> [Records to use]:
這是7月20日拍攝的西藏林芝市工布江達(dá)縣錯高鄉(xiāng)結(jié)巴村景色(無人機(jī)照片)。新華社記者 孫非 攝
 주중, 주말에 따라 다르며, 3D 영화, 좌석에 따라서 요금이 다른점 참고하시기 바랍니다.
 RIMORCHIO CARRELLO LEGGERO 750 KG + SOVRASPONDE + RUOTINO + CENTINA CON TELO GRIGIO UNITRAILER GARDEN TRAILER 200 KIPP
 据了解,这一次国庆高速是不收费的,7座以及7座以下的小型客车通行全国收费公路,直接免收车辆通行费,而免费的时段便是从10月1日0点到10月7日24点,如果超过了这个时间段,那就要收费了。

...

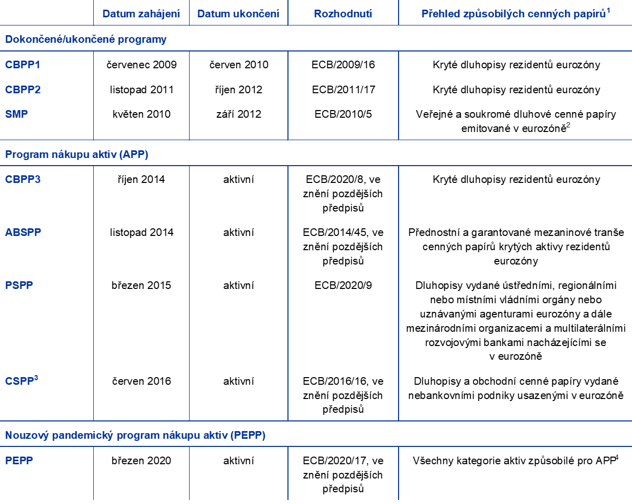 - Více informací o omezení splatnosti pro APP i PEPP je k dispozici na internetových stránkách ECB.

> [Exercise prompt]: Please give back, exactly as it stands above, the stretch from the line with "주중, 주말에 따라 다르며, 3D" through the line with "据了解,这一次国庆高速是不收", and no line outside it.

> [Response to the exercise]:
 주중, 주말에 따라 다르며, 3D 영화, 좌석에 따라서 요금이 다른점 참고하시기 바랍니다.
 RIMORCHIO CARRELLO LEGGERO 750 KG + SOVRASPONDE + RUOTINO + CENTINA CON TELO GRIGIO UNITRAILER GARDEN TRAILER 200 KIPP
 据了解,这一次国庆高速是不收费的,7座以及7座以下的小型客车通行全国收费公路,直接免收车辆通行费,而免费的时段便是从10月1日0点到10月7日24点,如果超过了这个时间段,那就要收费了。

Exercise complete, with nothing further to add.